> _Assigned task_
Your answer must consist of the records exactly as given, with no pictures included.

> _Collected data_
--------------------------------------------------

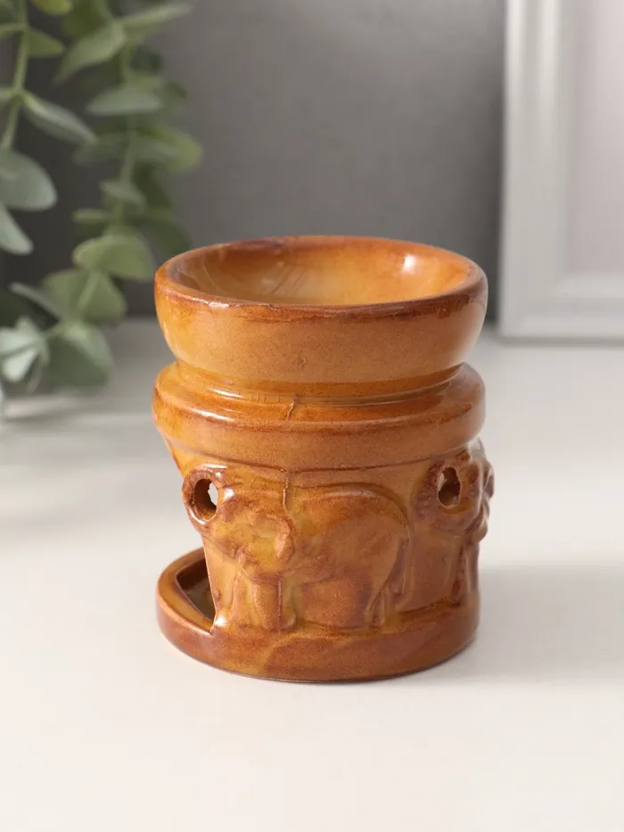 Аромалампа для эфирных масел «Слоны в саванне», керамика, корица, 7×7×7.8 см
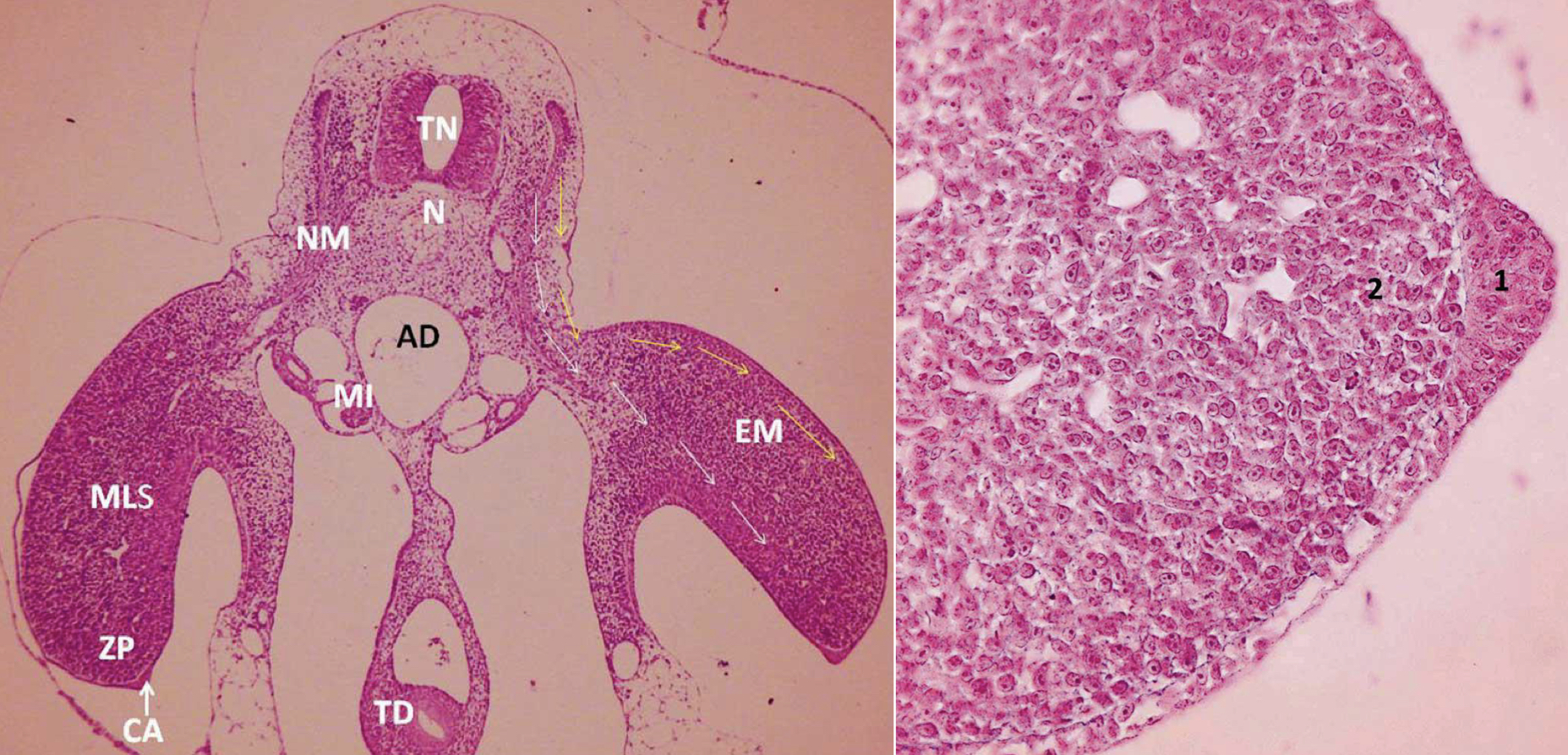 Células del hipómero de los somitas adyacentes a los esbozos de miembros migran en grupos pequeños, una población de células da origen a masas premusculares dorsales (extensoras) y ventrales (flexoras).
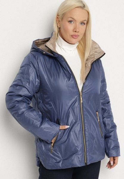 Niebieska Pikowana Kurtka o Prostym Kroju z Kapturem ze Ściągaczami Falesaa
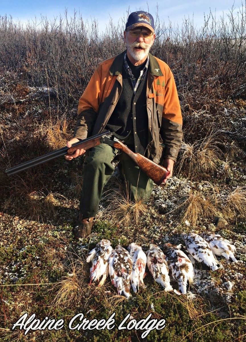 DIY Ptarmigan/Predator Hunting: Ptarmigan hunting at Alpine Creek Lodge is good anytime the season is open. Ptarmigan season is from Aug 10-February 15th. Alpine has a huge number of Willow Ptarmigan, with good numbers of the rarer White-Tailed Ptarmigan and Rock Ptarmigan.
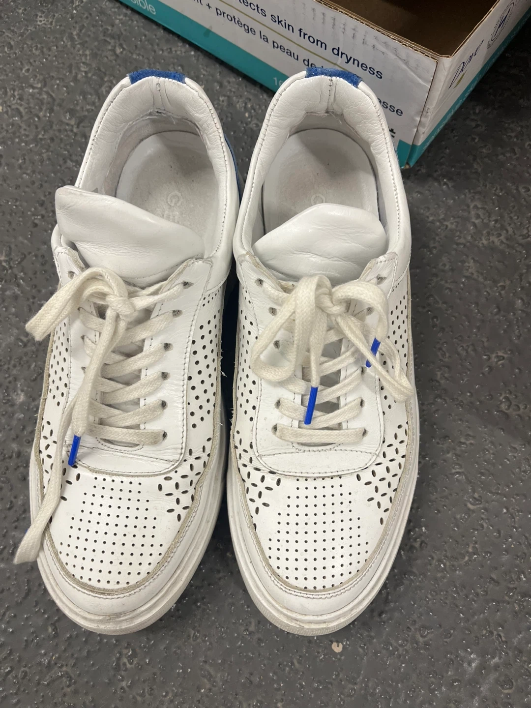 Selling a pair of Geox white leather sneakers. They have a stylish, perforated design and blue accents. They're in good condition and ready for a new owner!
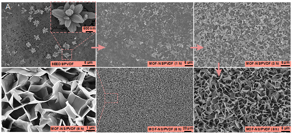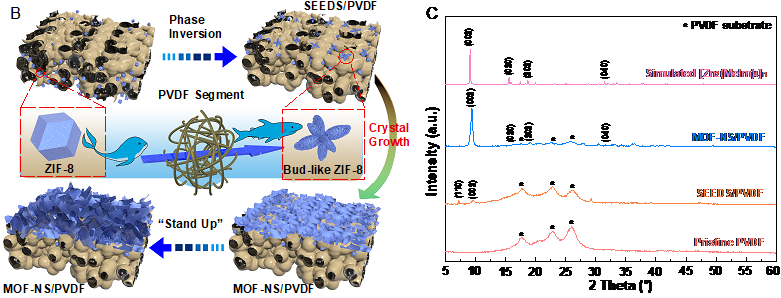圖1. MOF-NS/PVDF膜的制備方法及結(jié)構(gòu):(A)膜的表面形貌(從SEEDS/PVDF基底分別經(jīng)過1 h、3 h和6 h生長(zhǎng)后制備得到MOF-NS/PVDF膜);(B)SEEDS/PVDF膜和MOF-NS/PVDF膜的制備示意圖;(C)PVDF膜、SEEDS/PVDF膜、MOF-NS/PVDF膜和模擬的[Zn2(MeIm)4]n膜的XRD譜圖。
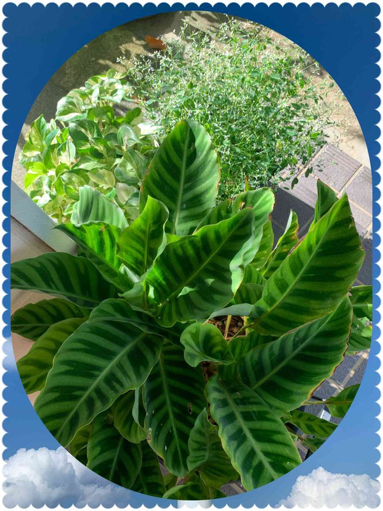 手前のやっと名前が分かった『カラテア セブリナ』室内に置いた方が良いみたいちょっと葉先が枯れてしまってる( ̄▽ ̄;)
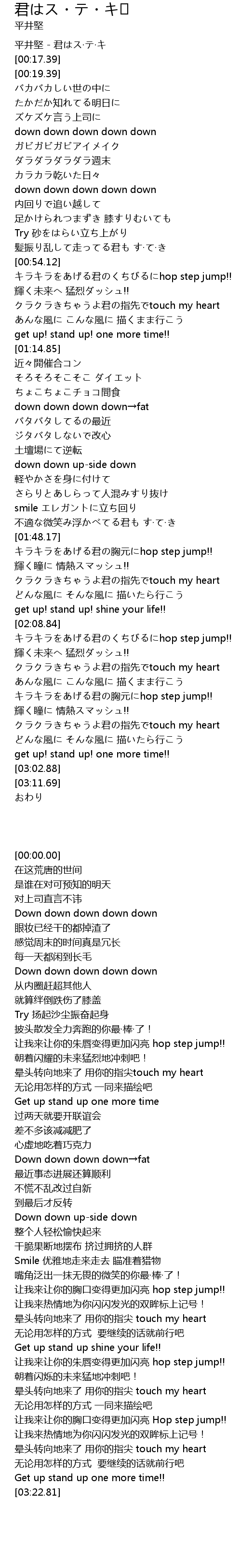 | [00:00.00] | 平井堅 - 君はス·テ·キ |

--------------------------------------------------

> _Task result_
 Аромалампа для эфирных масел «Слоны в саванне», керамика, корица, 7×7×7.8 см
 Células del hipómero de los somitas adyacentes a los esbozos de miembros migran en grupos pequeños, una población de células da origen a masas premusculares dorsales (extensoras) y ventrales (flexoras).
 Niebieska Pikowana Kurtka o Prostym Kroju z Kapturem ze Ściągaczami Falesaa
 DIY Ptarmigan/Predator Hunting: Ptarmigan hunting at Alpine Creek Lodge is good anytime the season is open. Ptarmigan season is from Aug 10-February 15th. Alpine has a huge number of Willow Ptarmigan, with good numbers of the rarer White-Tailed Ptarmigan and Rock Ptarmigan.
 Selling a pair of Geox white leather sneakers. They have a stylish, perforated design and blue accents. They're in good condition and ready for a new owner!
圖1. MOF-NS/PVDF膜的制備方法及結(jié)構(gòu):(A)膜的表面形貌(從SEEDS/PVDF基底分別經(jīng)過1 h、3 h和6 h生長(zhǎng)后制備得到MOF-NS/PVDF膜);(B)SEEDS/PVDF膜和MOF-NS/PVDF膜的制備示意圖;(C)PVDF膜、SEEDS/PVDF膜、MOF-NS/PVDF膜和模擬的[Zn2(MeIm)4]n膜的XRD譜圖。
 手前のやっと名前が分かった『カラテア セブリナ』室内に置いた方が良いみたいちょっと葉先が枯れてしまってる( ̄▽ ̄;)
 | [00:00.00] | 平井堅 - 君はス·テ·キ |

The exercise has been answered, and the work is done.